L'AIA sul rigore assegnato alla Roma nel match contro il Milan:"Bartesaghi, in ritardo, prova ad andare a chiudere a contatto con l’avversario. Il braccio è molto largo, rende sé stesso più grande, copre uno spazio. È un rigore codificato. Oggi è un rigore chiaro, lapalissiano: braccio largo a coprire il passaggio del pallone. Interviene in ritardo, la punibilità è evidente. Colombo ha arbitrato molto molto bene una partita molto complessa. Roma-Milan è storicamente una gara difficile, l’ha arbitrata con personalità e serenità, con una linea tecnica più che ottimale. Gli episodi in area li ha presi molto bene, una prestazione di gran qualità sicuramente”.
Col loro regolamento è chiaro che è rigore, non se ne esce.
Ma è il regolamento ad essere cervellotico.
Le loro ricostruzioni poi sono di una ignoranza calcistica imbarazzante.

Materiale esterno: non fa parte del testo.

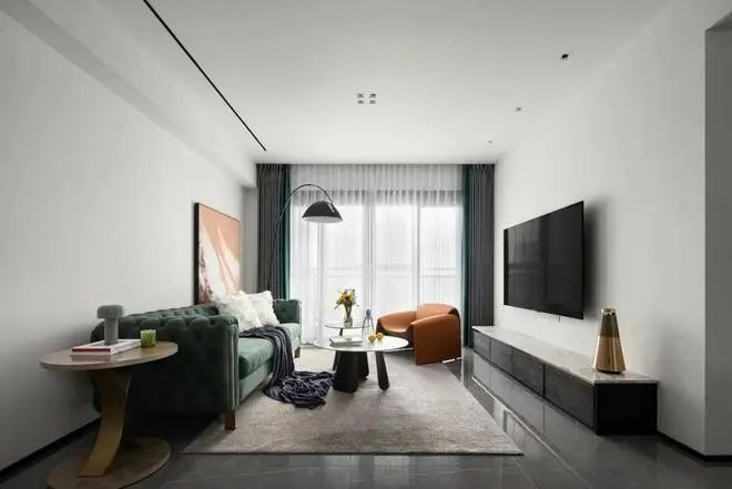 客厅整体灰色乳胶漆墙面+深色地砖,布置上墨绿色、橙色、黑色等深色鲜艳的软装家具,在吊平顶的无主灯天花下,呈现出一种时尚极简的设计感。

In questo caso particolare barte sul cross profondo perde i riferimenti del giocatore e della palla.
Entra in ritardo e prova a prendere posizione o fare un taglia-fuori ma il giallorosso è in vantaggio, si coordina e crossa di interno al volo.
La palla colpisce la mano di Bartesaghi, rigore.
Il movimento delle mani e delle braccia quando si salta non è per allargare la figura ma per proteggere la propria e l'incolumità altrui , della testa e non solo.
L'aia lo sa che se Bartesaghi in questo caso non usa le braccia rischia di rompere una costola al romanista?
Non lo sa.
Basta stringere i gomiti alla figura e poi andare a colpire sul fianco l'avversario e gli fai male.
Quindi che si possa saltare senza usare le braccia è eresia.
Vedremmo teste spaccate tutte le domeniche.